Extracted data entries:
•••••

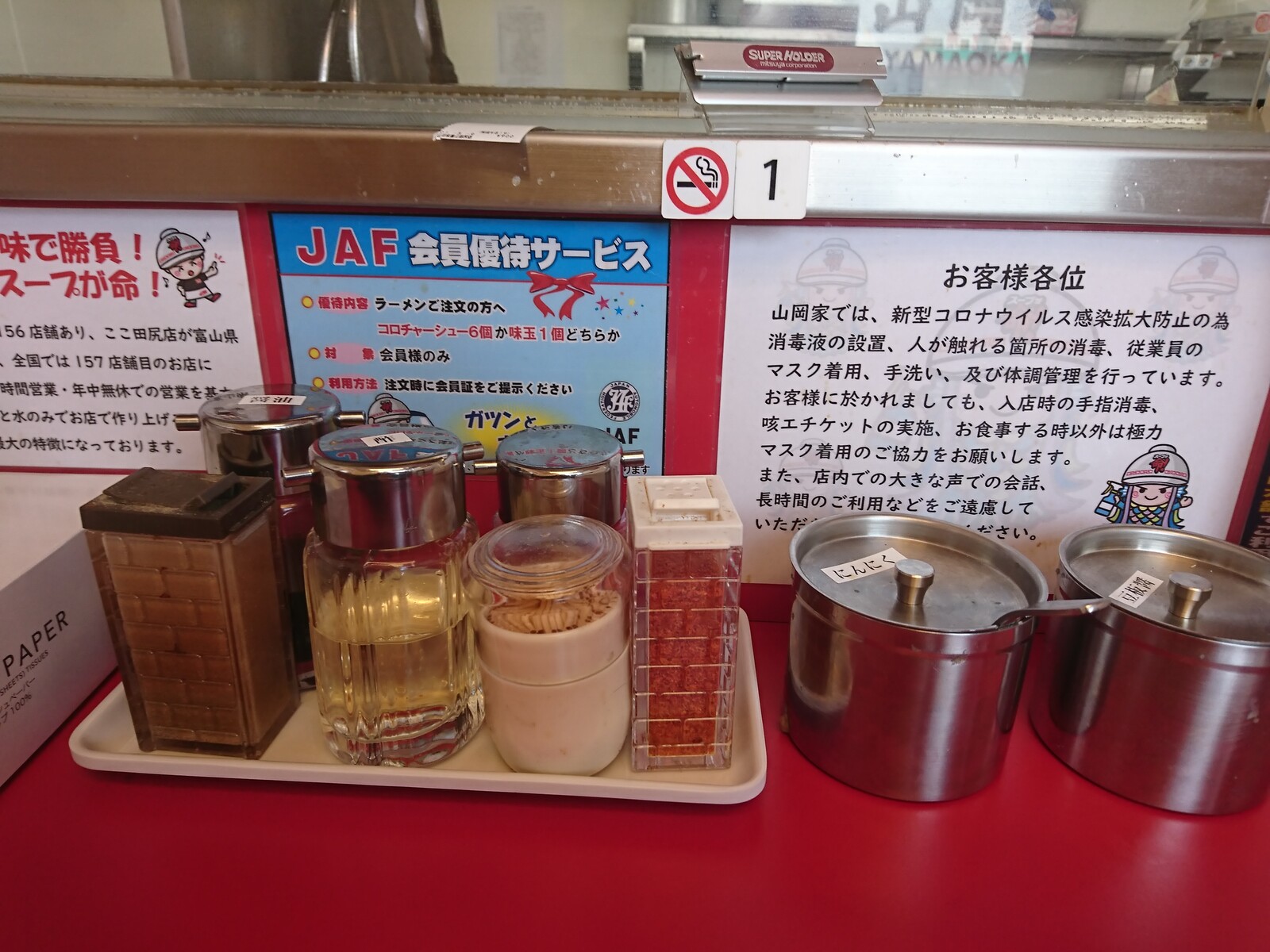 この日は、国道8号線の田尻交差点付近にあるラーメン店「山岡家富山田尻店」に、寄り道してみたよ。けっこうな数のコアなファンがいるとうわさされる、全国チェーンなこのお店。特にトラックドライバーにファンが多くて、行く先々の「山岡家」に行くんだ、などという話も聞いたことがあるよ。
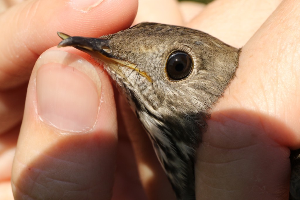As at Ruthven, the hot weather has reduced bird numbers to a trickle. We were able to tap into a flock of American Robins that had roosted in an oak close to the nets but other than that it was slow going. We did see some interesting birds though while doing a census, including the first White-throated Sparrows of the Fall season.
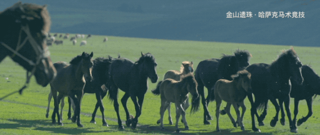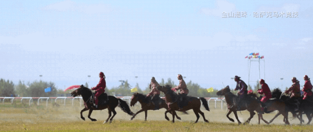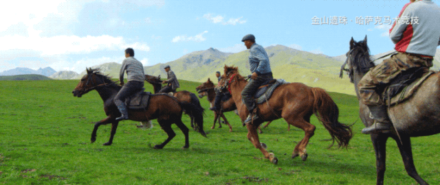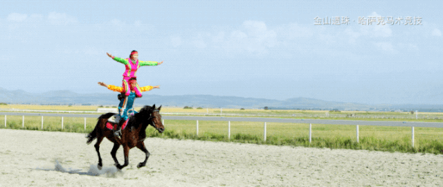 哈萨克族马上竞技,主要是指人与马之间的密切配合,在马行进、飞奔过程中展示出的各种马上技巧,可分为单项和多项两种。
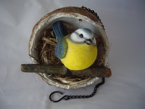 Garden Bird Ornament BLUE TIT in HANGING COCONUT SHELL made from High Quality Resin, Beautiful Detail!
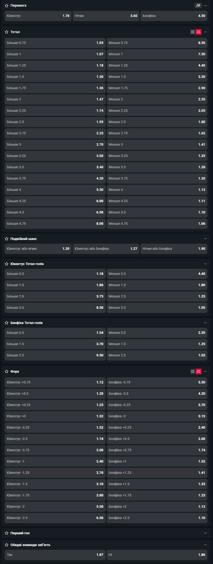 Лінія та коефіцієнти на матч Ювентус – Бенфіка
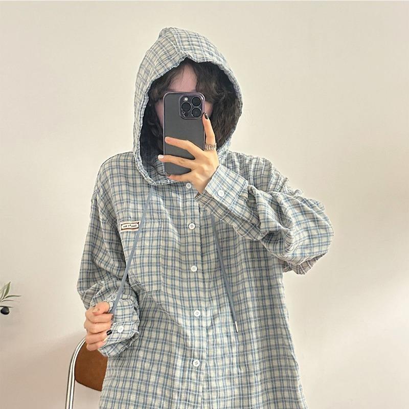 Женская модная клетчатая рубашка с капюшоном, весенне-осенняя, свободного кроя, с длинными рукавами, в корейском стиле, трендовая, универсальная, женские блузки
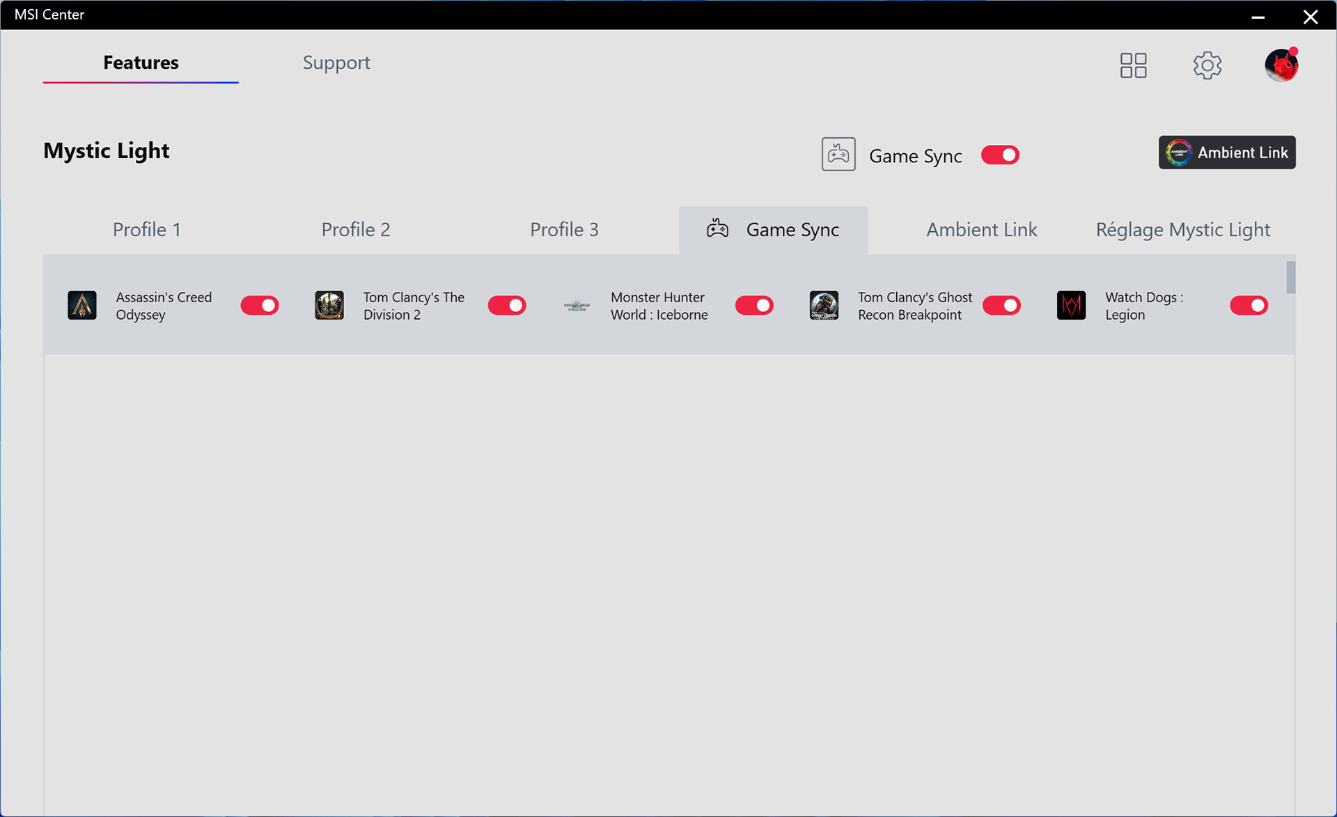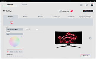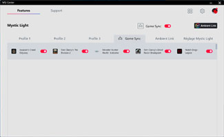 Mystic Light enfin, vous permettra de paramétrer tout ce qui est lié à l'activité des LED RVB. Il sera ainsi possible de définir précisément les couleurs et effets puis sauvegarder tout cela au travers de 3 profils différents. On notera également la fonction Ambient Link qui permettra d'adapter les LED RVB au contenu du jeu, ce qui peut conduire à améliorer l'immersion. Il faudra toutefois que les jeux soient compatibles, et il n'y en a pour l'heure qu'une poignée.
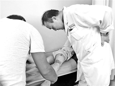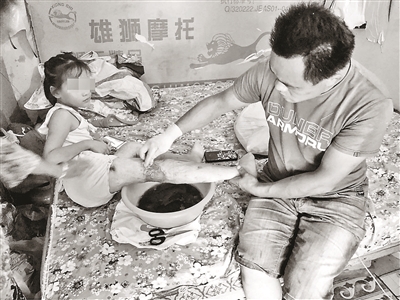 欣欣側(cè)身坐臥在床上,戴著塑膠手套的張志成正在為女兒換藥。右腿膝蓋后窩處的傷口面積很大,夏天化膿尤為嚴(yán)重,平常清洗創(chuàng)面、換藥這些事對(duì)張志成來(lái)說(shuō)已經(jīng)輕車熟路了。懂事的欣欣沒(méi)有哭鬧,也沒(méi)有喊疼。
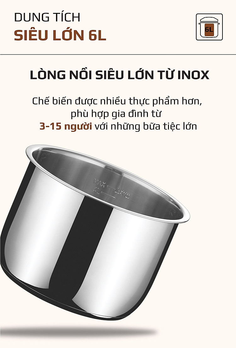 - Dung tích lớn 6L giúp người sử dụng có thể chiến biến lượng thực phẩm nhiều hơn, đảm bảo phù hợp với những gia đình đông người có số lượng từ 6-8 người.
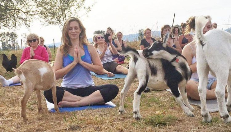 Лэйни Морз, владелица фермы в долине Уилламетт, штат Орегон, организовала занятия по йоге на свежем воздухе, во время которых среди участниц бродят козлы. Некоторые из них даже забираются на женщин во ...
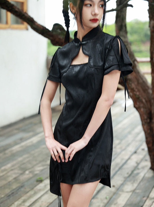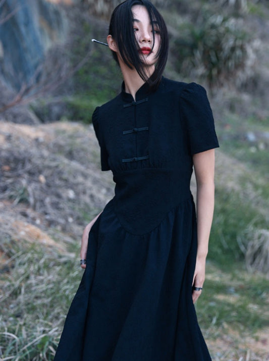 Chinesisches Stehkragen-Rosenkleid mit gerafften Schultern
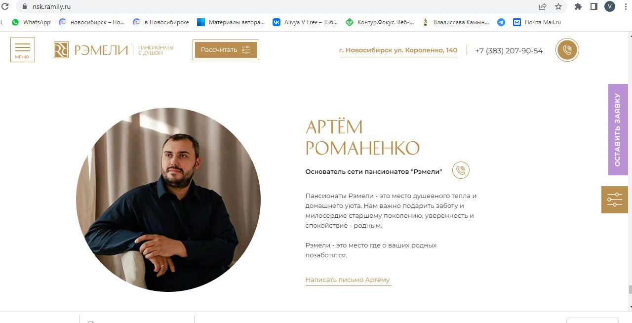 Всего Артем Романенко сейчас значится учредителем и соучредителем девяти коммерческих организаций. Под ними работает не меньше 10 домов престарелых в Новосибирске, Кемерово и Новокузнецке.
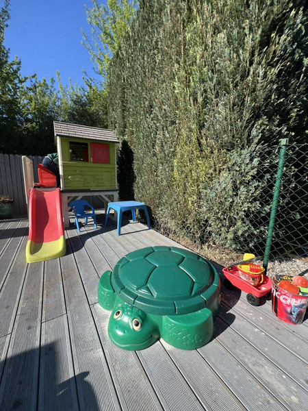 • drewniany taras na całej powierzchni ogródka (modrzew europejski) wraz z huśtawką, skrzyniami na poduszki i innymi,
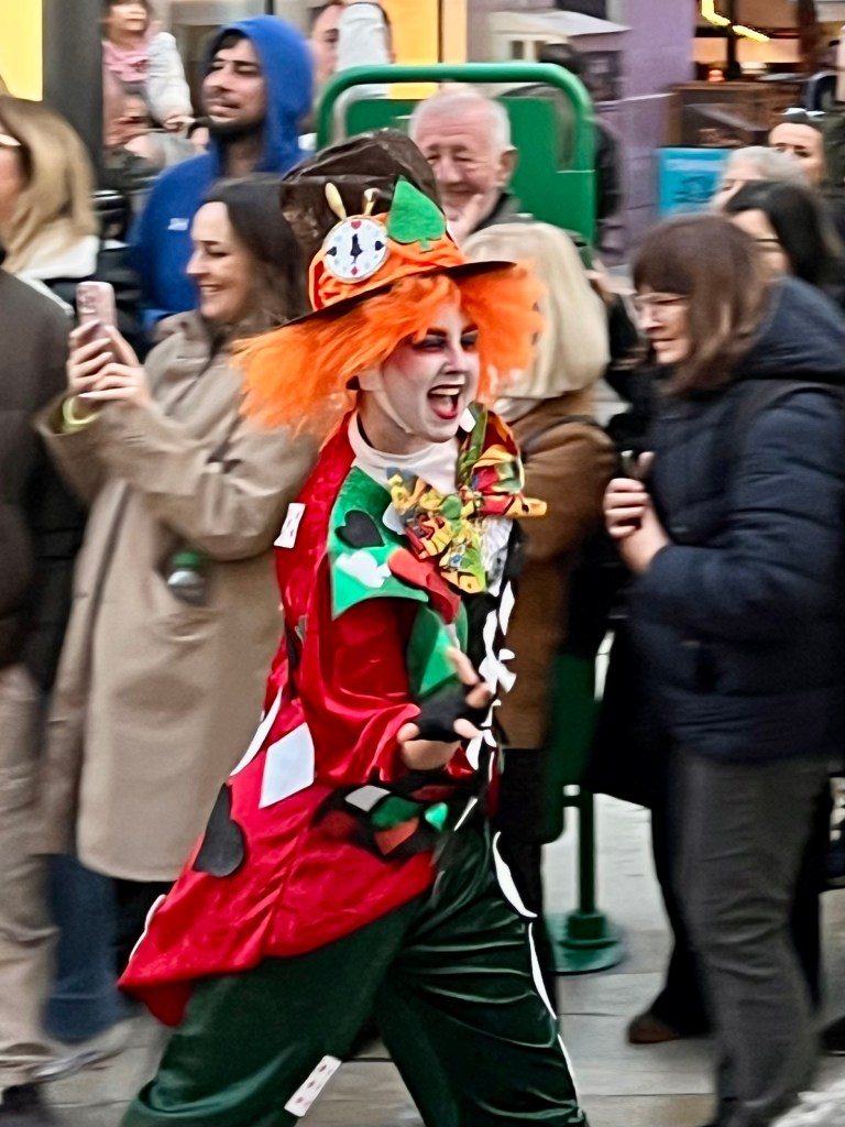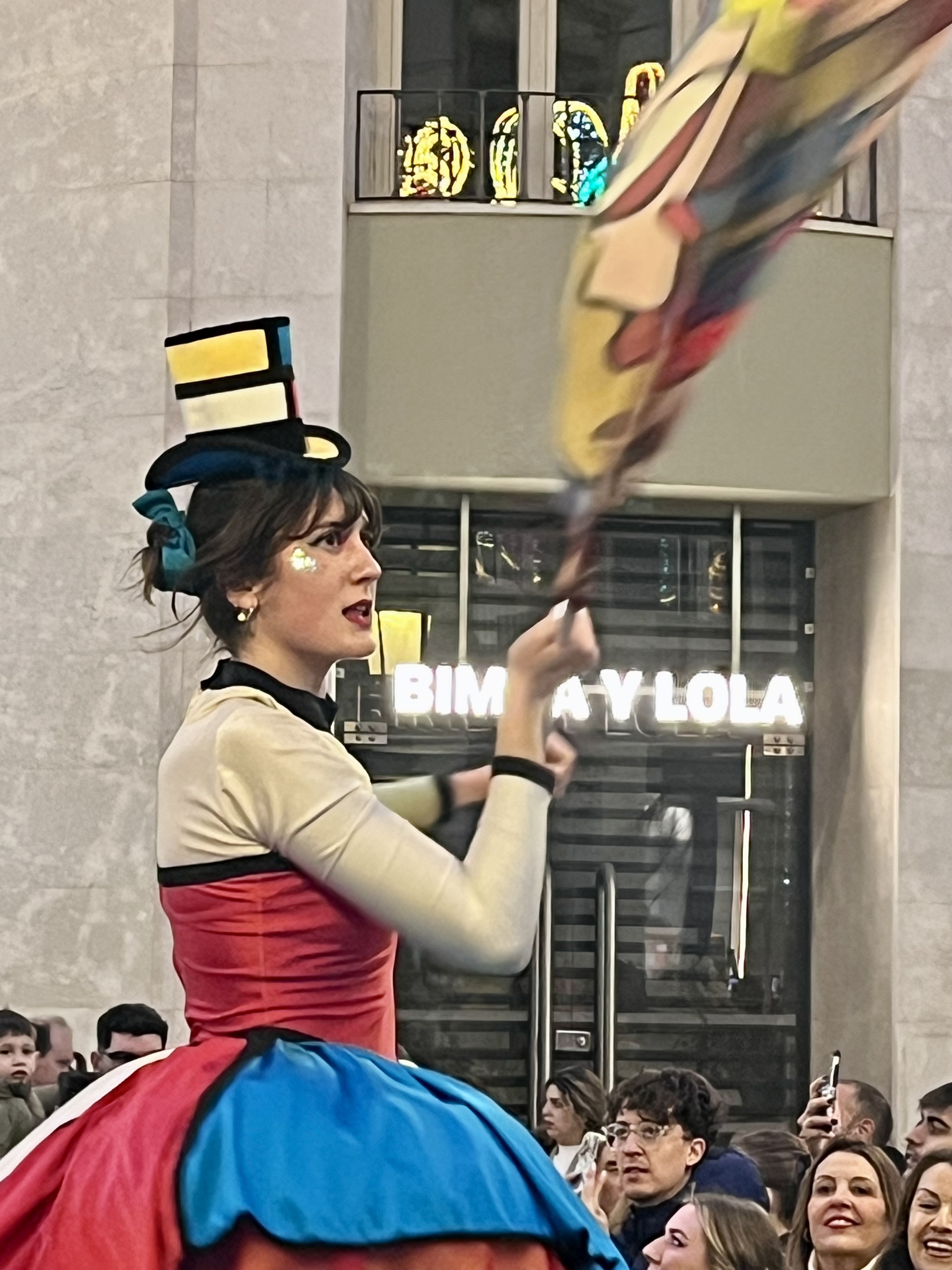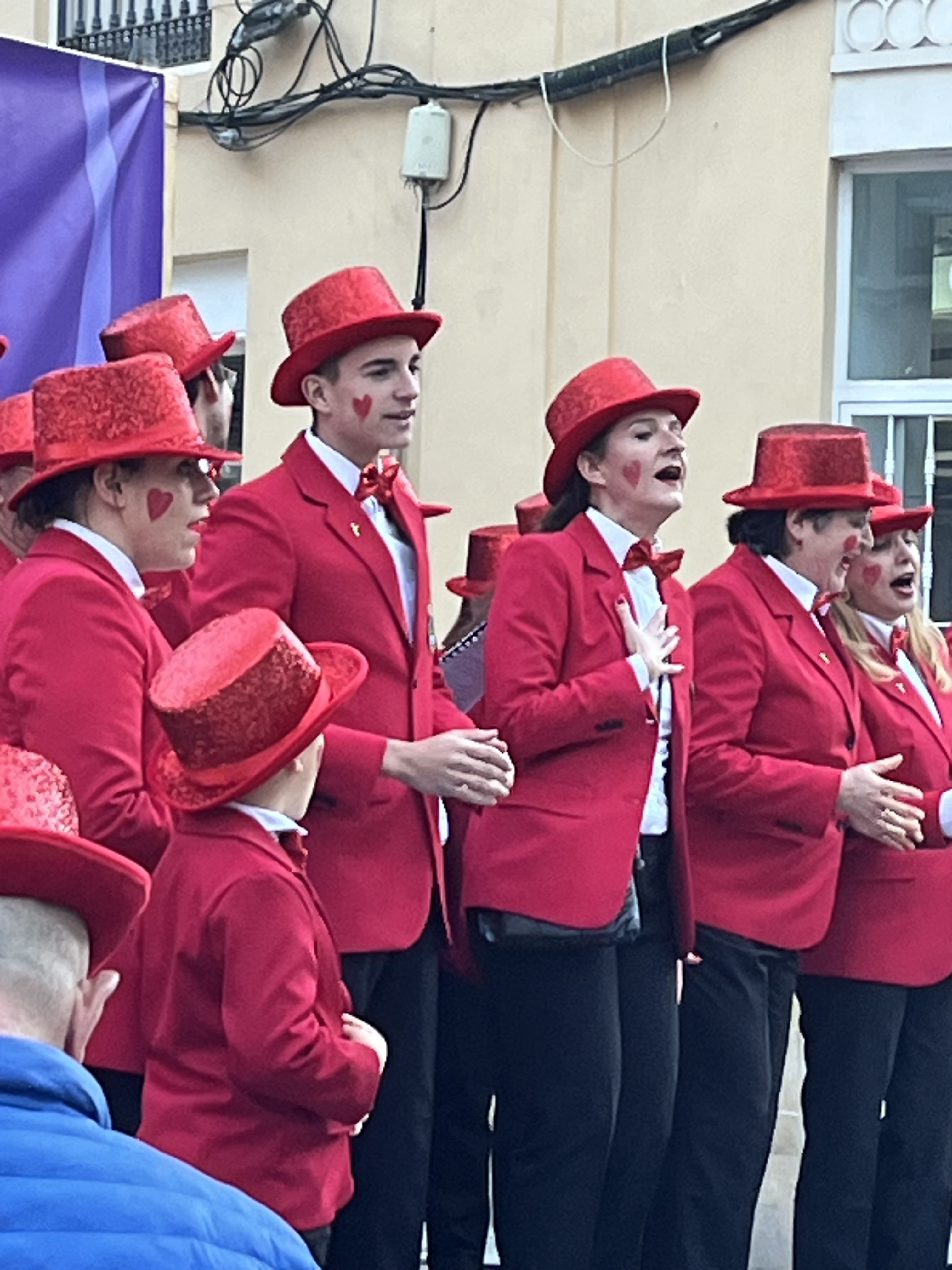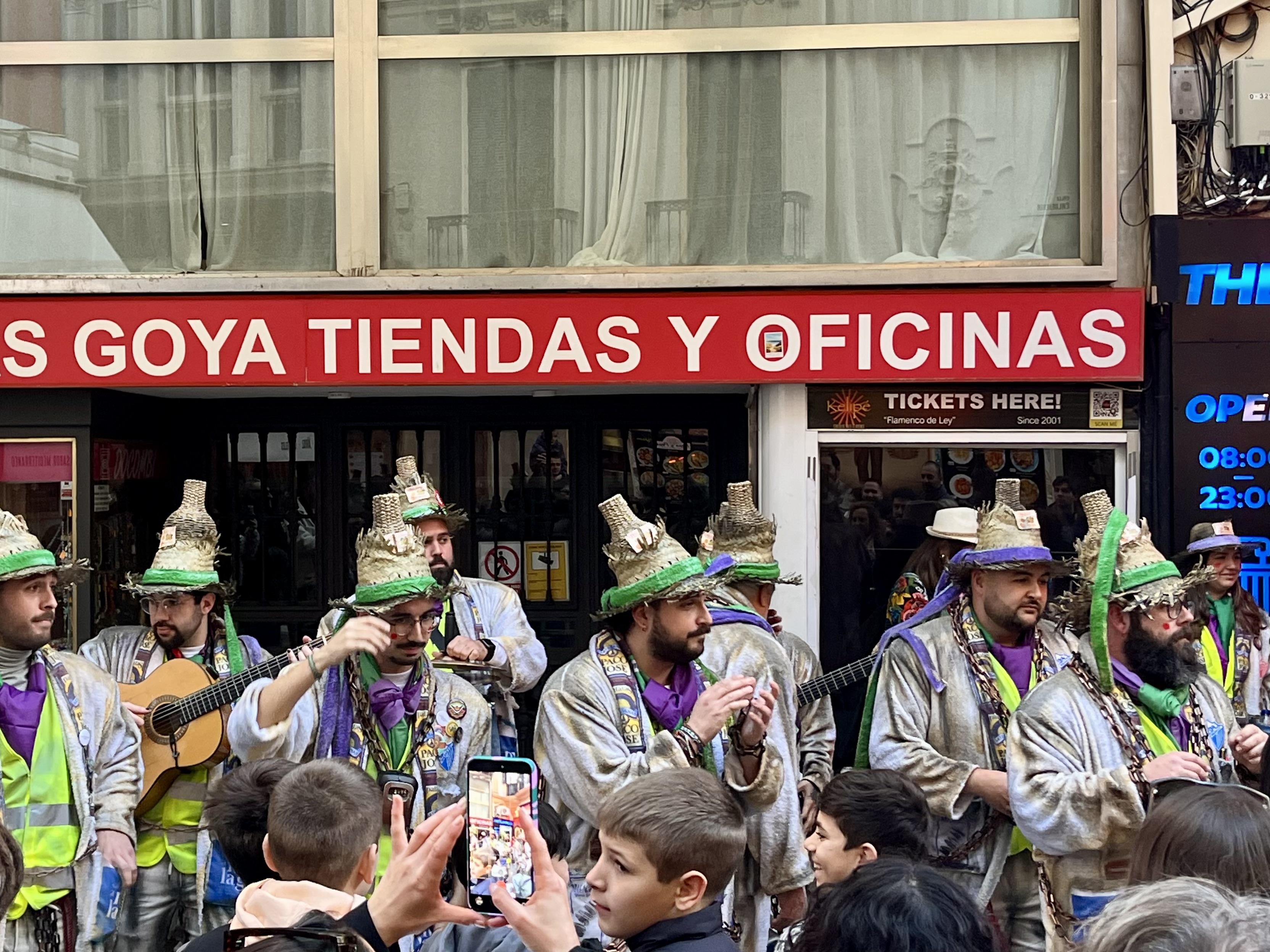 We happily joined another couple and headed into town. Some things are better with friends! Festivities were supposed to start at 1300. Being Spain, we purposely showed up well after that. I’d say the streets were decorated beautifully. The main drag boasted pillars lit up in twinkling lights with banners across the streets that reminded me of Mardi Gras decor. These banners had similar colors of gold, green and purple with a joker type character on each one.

•••••

[What is required] Now transcribe all the entries above exactly, so that no picture is carried over.

[Response to the task]
 この日は、国道8号線の田尻交差点付近にあるラーメン店「山岡家富山田尻店」に、寄り道してみたよ。けっこうな数のコアなファンがいるとうわさされる、全国チェーンなこのお店。特にトラックドライバーにファンが多くて、行く先々の「山岡家」に行くんだ、などという話も聞いたことがあるよ。
As at Ruthven, the hot weather has reduced bird numbers to a trickle. We were able to tap into a flock of American Robins that had roosted in an oak close to the nets but other than that it was slow going. We did see some interesting birds though while doing a census, including the first White-throated Sparrows of the Fall season.
 哈萨克族马上竞技,主要是指人与马之间的密切配合,在马行进、飞奔过程中展示出的各种马上技巧,可分为单项和多项两种。
 Garden Bird Ornament BLUE TIT in HANGING COCONUT SHELL made from High Quality Resin, Beautiful Detail!
 Лінія та коефіцієнти на матч Ювентус – Бенфіка
 Женская модная клетчатая рубашка с капюшоном, весенне-осенняя, свободного кроя, с длинными рукавами, в корейском стиле, трендовая, универсальная, женские блузки
 Mystic Light enfin, vous permettra de paramétrer tout ce qui est lié à l'activité des LED RVB. Il sera ainsi possible de définir précisément les couleurs et effets puis sauvegarder tout cela au travers de 3 profils différents. On notera également la fonction Ambient Link qui permettra d'adapter les LED RVB au contenu du jeu, ce qui peut conduire à améliorer l'immersion. Il faudra toutefois que les jeux soient compatibles, et il n'y en a pour l'heure qu'une poignée.
 欣欣側(cè)身坐臥在床上,戴著塑膠手套的張志成正在為女兒換藥。右腿膝蓋后窩處的傷口面積很大,夏天化膿尤為嚴(yán)重,平常清洗創(chuàng)面、換藥這些事對(duì)張志成來(lái)說(shuō)已經(jīng)輕車熟路了。懂事的欣欣沒(méi)有哭鬧,也沒(méi)有喊疼。
 - Dung tích lớn 6L giúp người sử dụng có thể chiến biến lượng thực phẩm nhiều hơn, đảm bảo phù hợp với những gia đình đông người có số lượng từ 6-8 người.
 Лэйни Морз, владелица фермы в долине Уилламетт, штат Орегон, организовала занятия по йоге на свежем воздухе, во время которых среди участниц бродят козлы. Некоторые из них даже забираются на женщин во ...
 Chinesisches Stehkragen-Rosenkleid mit gerafften Schultern
 Всего Артем Романенко сейчас значится учредителем и соучредителем девяти коммерческих организаций. Под ними работает не меньше 10 домов престарелых в Новосибирске, Кемерово и Новокузнецке.
 • drewniany taras na całej powierzchni ogródka (modrzew europejski) wraz z huśtawką, skrzyniami na poduszki i innymi,
 We happily joined another couple and headed into town. Some things are better with friends! Festivities were supposed to start at 1300. Being Spain, we purposely showed up well after that. I’d say the streets were decorated beautifully. The main drag boasted pillars lit up in twinkling lights with banners across the streets that reminded me of Mardi Gras decor. These banners had similar colors of gold, green and purple with a joker type character on each one.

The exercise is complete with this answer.